Thoughts On: Gallery Weekend Berlin 2018 (Part One: Liliane Tomasko)

Liliane Tomasko

a dream of at Blain | Southern, Potsdamer Straße 77 - 87, Berlin

Installation View of a dream of  at Blain|Southern Berlin (Photo: Trevor Good)


Liliane Tomasko is a contemporary painter of Swiss-Hungarian origin who studied in London at Camberwell College, Chelsea College of Art and Design, and the Royal Academy of Arts. The foundation of Tomasko's work is interior life - from her earlier paintings of unmade beds, through to her latest works depicting the emotions conjured by her most vivid and affecting dreams - she sees extraordinary things within private moments.

I encountered her work for the first time this year at Blain | Southern in Berlin. The exhibition (running until 16th June) is titled "a dream of". The title of each of the paintings refers to strong and lasting feelings and emotions that have been provoked or stirred up by specific series of dreams that Tomasko has had throughout her life, and which are so potent she continues to carry them with her. 

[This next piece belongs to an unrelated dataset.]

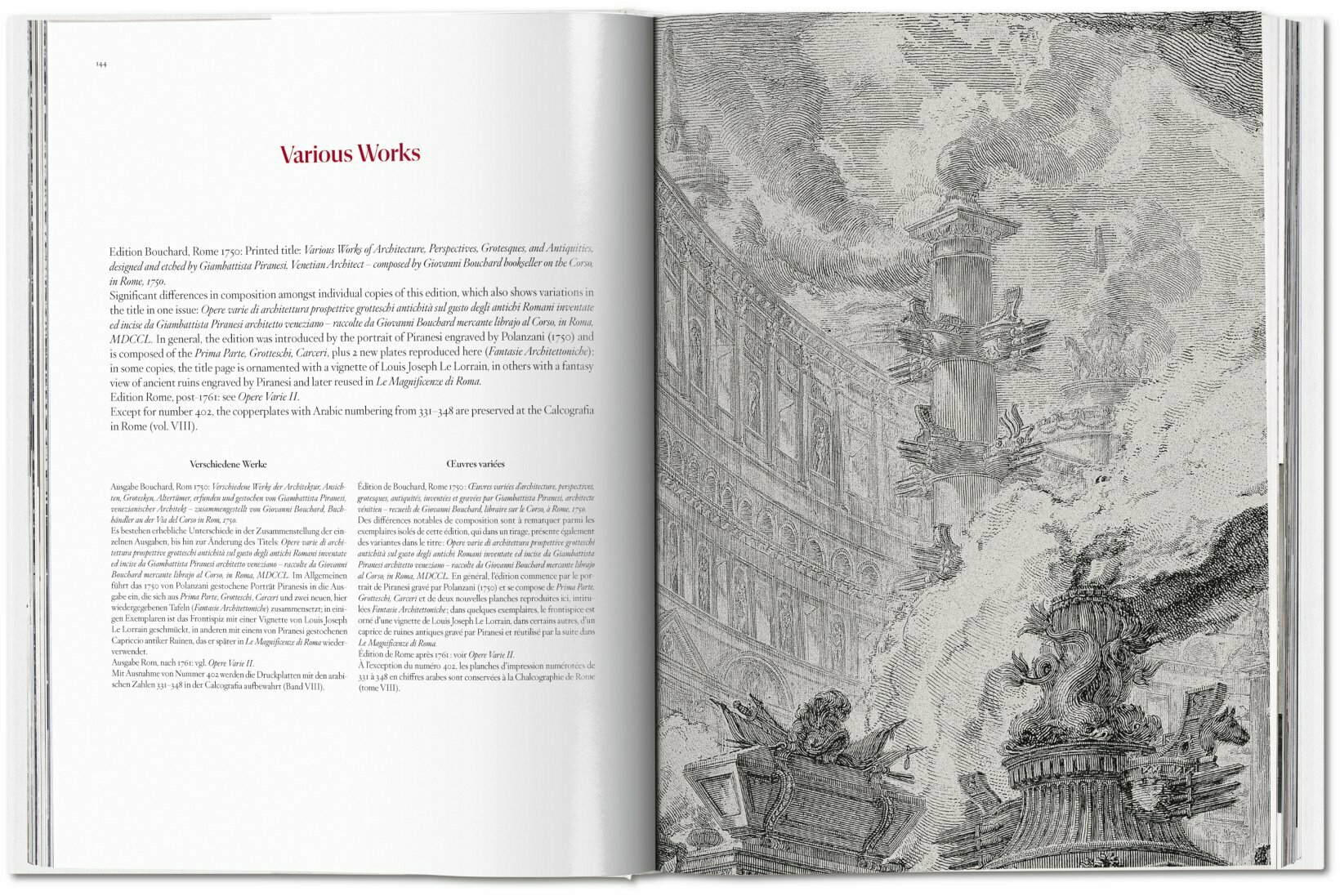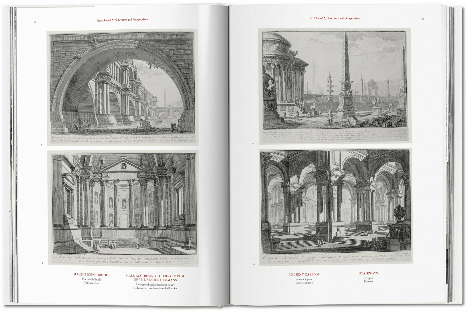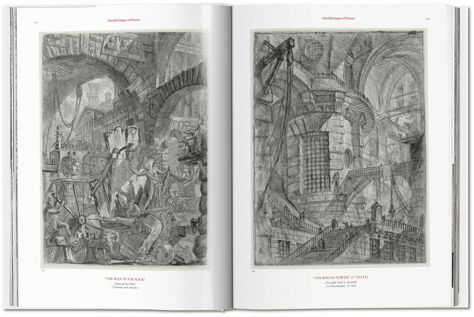 Die filigranen und detailreichen Zeichnungen von Haftanstalten basieren eher auf damaligen Bühnenbildern als auf der Trostlosigkeit tatsächlicher Verließe. Sie transzendieren die architektonische Realität und spielen mit Perspektive, Licht und Maßstab. Da existieren Treppen auf mehreren Ebenen gleichzeitig, weite Gewölbedecken reichen scheinbar bis in den Himmel, die Grenze zwischen Innen und Außen verschwimmt. Aufgrund des niedrigen Blickwinkels und der kleinen fragilen Figuren wirken diese Gefängnisse wie monströse Megastädte der Eingeschlossenheit und werden bis heute als Meisterwerke eines existenzialistischen Dramas gesehen.

Entering the exhibition you are first confronted by the scale, colour, gestural and linear forms of the painting a dream of: Rapture Unleashed. The painting is energetic, and though you are given no other clue than the title: between it, the movement and the colour, you have enough. You yourself feel elated, a little lighter in step, and continue on through the exhibition, the paintings becoming bolder and darker as you proceed. 

From a dream of: Rapture Unleashed to a dream of: Invisible Chaos, Tomasko chooses her palette from "memories of light and sensation" from the titular dreams. She constructs the works in such a way that the layers of paint exist on different levels, coming in and out of prominence in the way that memories and our subconscious do. I sense a commonality between what she is describing and what I experience from certain dreams - perhaps we all do - the way in which some dreams are so powerful they linger within you and come to seem as though they are memories. 

Yet, for all her recognition and embrace of the power of her dreams, within the press material available at Blain|Southern Tomasko states that she does not believe that dreams are allegories. Rather, she sees them as another reality, existing within their own "independent matrix". Though I cannot agree that dreams are in no way allegories; looking at her paintings there is a  feeling of being let into a world that in many ways is the last frontier of the public vs the personal.

Tomasko has spent a great deal of her career working from the home, photographing cloth and fibres in research and preparation for her larger paintings. She sees a correlation between bedsheets and the canvas - between the domestic and the artistic. There is a definite focus on these smallest of details, and the consistent phraseology within critiques of her work reminds me of Lee Mingwei's Mending Project - another, differing use of the metaphoric properties of fabric and thread.